Parsifal tells of his desire to return to Amfortas («Zu ihm, des tiefe Klagen.») He relates his journey, wandering for years unable to find the path back to the Grail: he has often been forced to fight, but has never wielded the Spear in battle. Gurnemanz tells him that the curse preventing Parsifal from finding his right path has now been lifted, but that in his absence Amfortas has refused to reveal the Grail, and that Titurel has died. Parsifal is overcome with remorse, blaming himself for this state of affairs. Gurnemanz tells him that today is the day of Titurel?s funeral rites, and that Parsifal has a great duty to perform.

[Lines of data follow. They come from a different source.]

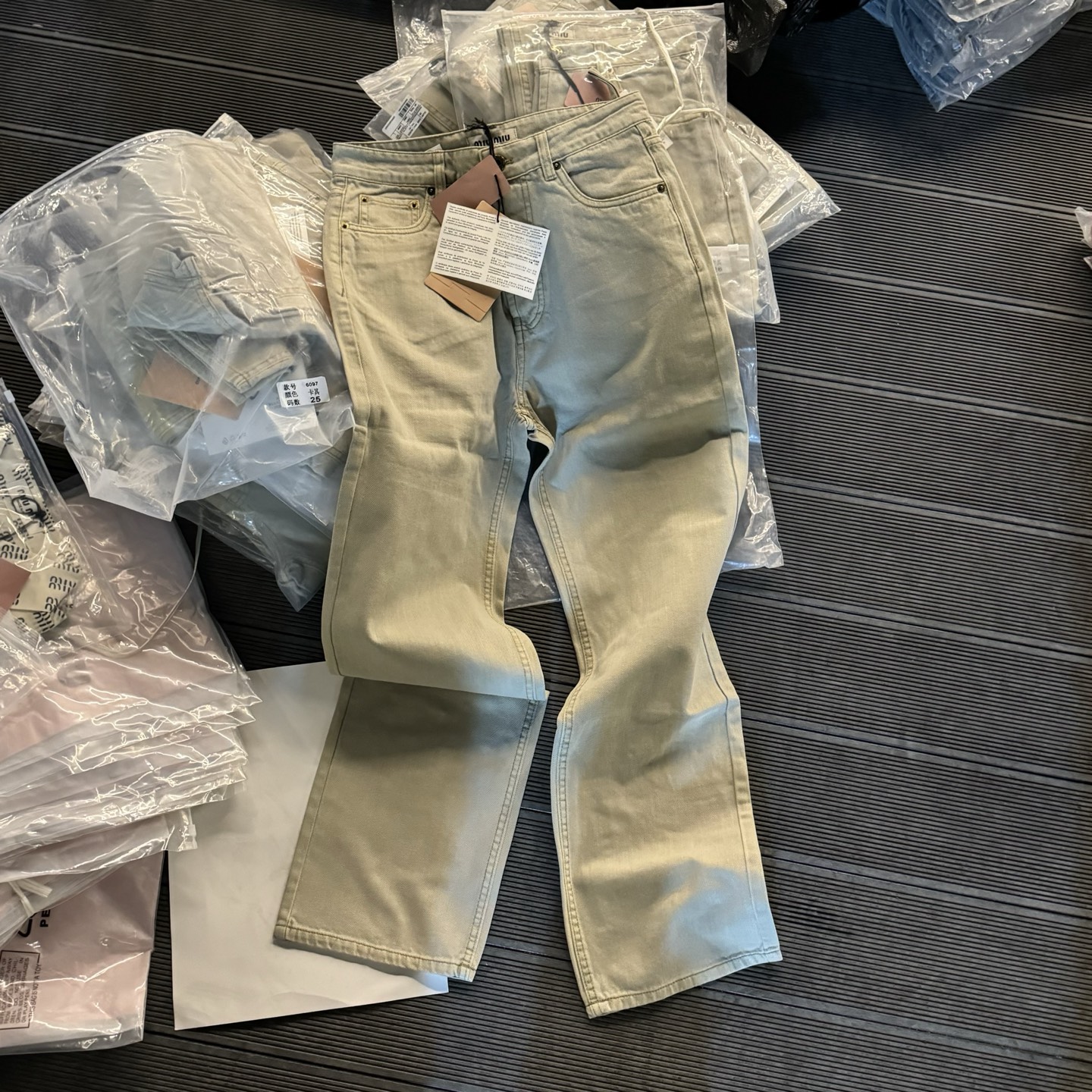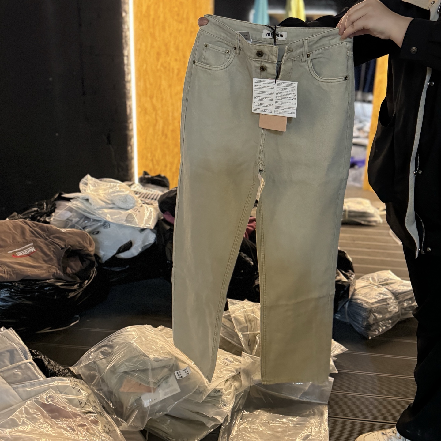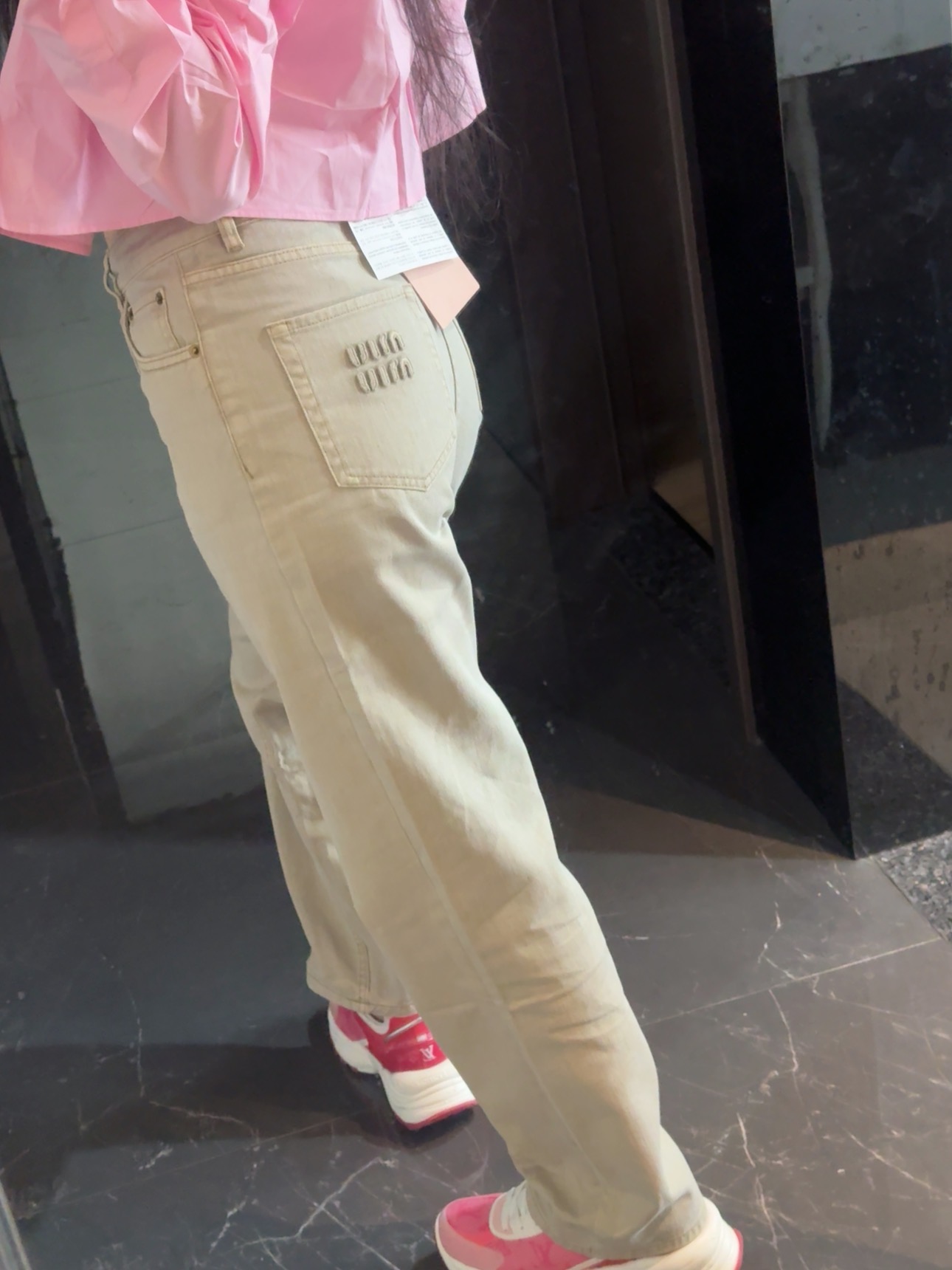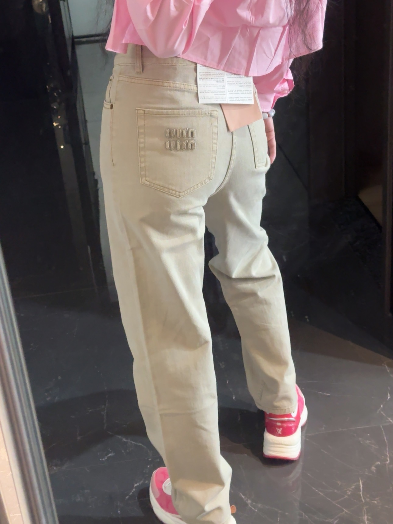 根本不用去专柜了!根本不用!看后屁股细节,一侧口袋miu&miu字母,辨识度极高,高级感拉满!!洗处理丹宁斜纹棉质用料,呈现出刻意打磨的做旧效果,后口袋饰以字母徽标点缀,四季可穿!!自留强推!!正码正拍!S90-110斤!M100-125斤!L110-135斤.以内.S: 腰围68,臀围96,裤长98 M:腰围72,臀围100,裤长99 L:腰围76,臀围104,裤长100.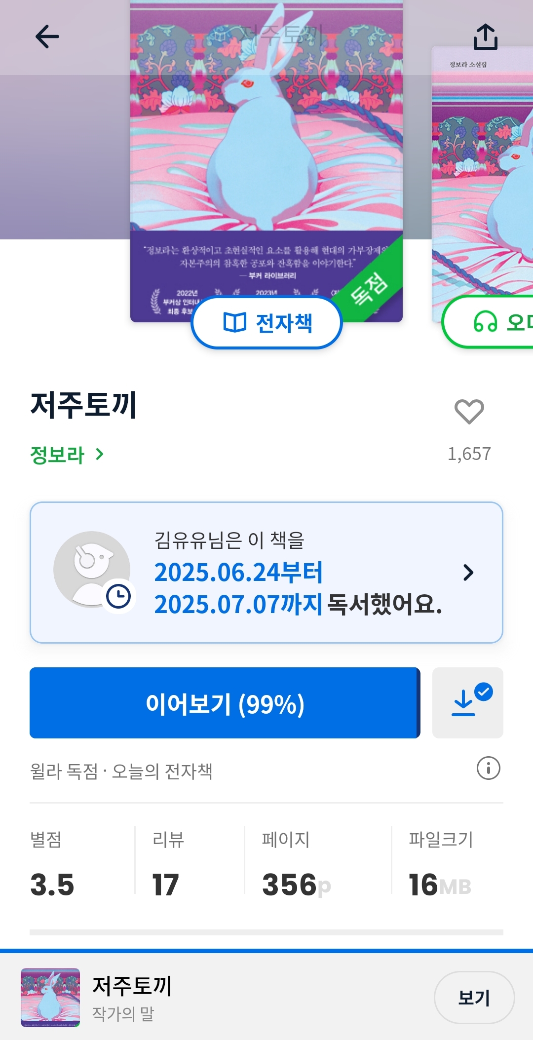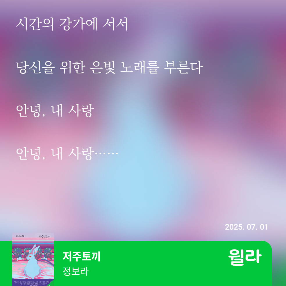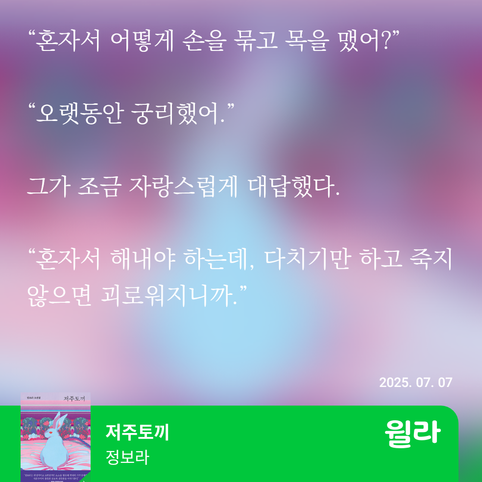 다 쓰고 나서보니, 두 책에 대한 감상이 갈린 이유가 장르에 대한 호불호 때문이 아닌가, 싶기도 하다. 워낙에 sf장르를 좋아하는지라...ㅋㅋ <저주토끼>에서 마음에 들었던 세 단편 중 하나인 '안녕 내 사랑'도 sf로 분류되는 소설이었고...ㅋㅋ
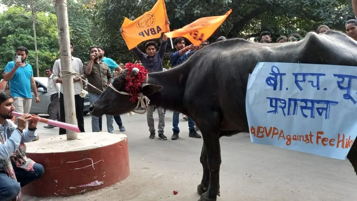 BHU Fee Hike: इलाहाबाद विश्वविद्यालय में फीस बढ़ोतरी को लेकर विवाद अभी थमा नहीं था कि अब खबर आ रही है कि बनारस विश्वविद्यालय (BHU) में फीस बढ़ने वाली है। फीस बढ़ोतरी को लेकर एबीवीपी और एनएसयुआई जैसे छात्र संगठनों ने विरोध प्रदर्शन भी शुरू कर दिए हैं। दरअसल, ये पूरा विवाद शुरू हुआ BHU की वेबसाइट पर आए एक नोटिफिकेशन से। यूनिवर्सिटी की वेबसाइट पर जो नोटिफिकेशन आया है इसके मुताबिक कई कोर्सों में फीस बढ़ोतरी सौ फीसदी तक हो सकती है। इसी को लेकर छात्र आंदोलित हैं। कुछ छात्रों ने तो अपना विरोध दर्ज कराने के लिए विश्वविद्यालय के बाहर भैंस बांध दी और उसके आगे कागज की बीन बना कर बजाने लगे।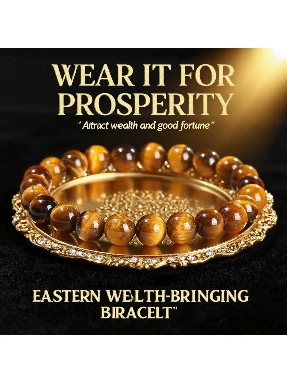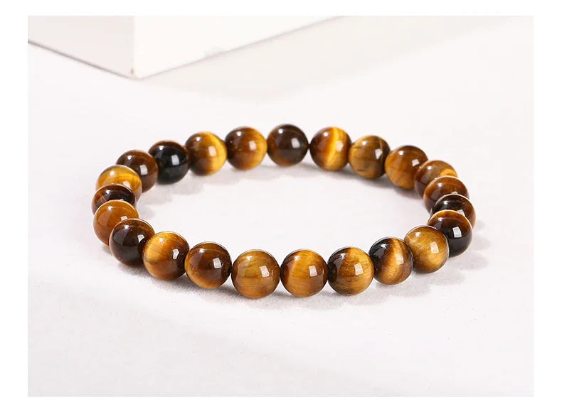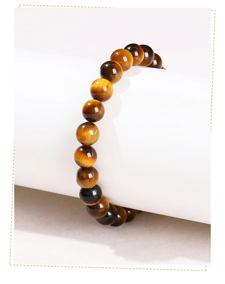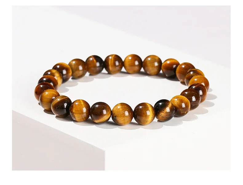 With its glowing golden-yellow hue and tiger-like pattern (a symbol of luck in Eastern traditions), each bead is polished to highlight its timeless shine, fitting daily wear or special moments.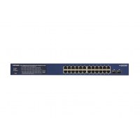 NETGEAR GS724TP er en managed gigabit switch til små og mellemstore netværk, der kræver høj ydeevne og enkel administration. Med 24 RJ‑45 gigabit-porte og et samlet PoE‑budget på 380 W kan du forsyne kompatible enheder som adgangspunkter, IP‑telefoner og kameraer direkte via netværkskablet. To SFP‑slots giver fleksible uplinks i fiber.

Kundry washes Parsifal?s feet and Gurnemanz anoints him with water from the Holy Spring, recognising him as the pure fool, now enlightened by compassion, and as the new King of the Knights of the Grail.
Parsifal comments on the beauty of the meadow and Gurnemanz explains that today is Good Friday, when all the world is renewed. Parsifal baptizes the weeping Kundry. A short orchestral interlude leads into Scene Two.
Scene Two Once more they travel to the Hall of the Grail. Amfortas is brought before the Grail and before Titurel?s coffin. He cries out to his dead father to offer him rest from his sufferings, and wishes to join him in death («Mein vater!Hochgesegneter der Helden!») The Knights of Grail urge Amfortas angrily to reveal the Grail to them again, but Amfortas in a frenzy says he will never reveal the Grail and commands his Knights to kill him. At this moment, Parsifal arrives and says that only one weapon can perform this task («Nur eine Waffe taugt»): with the Spear he heals Amfortas? wound and forgives him. He commands the revealing of the Grail. All kneel while Kundry, released from her curse, sinks lifeless to the ground while a white dove descends to hover over the head of Parsifal.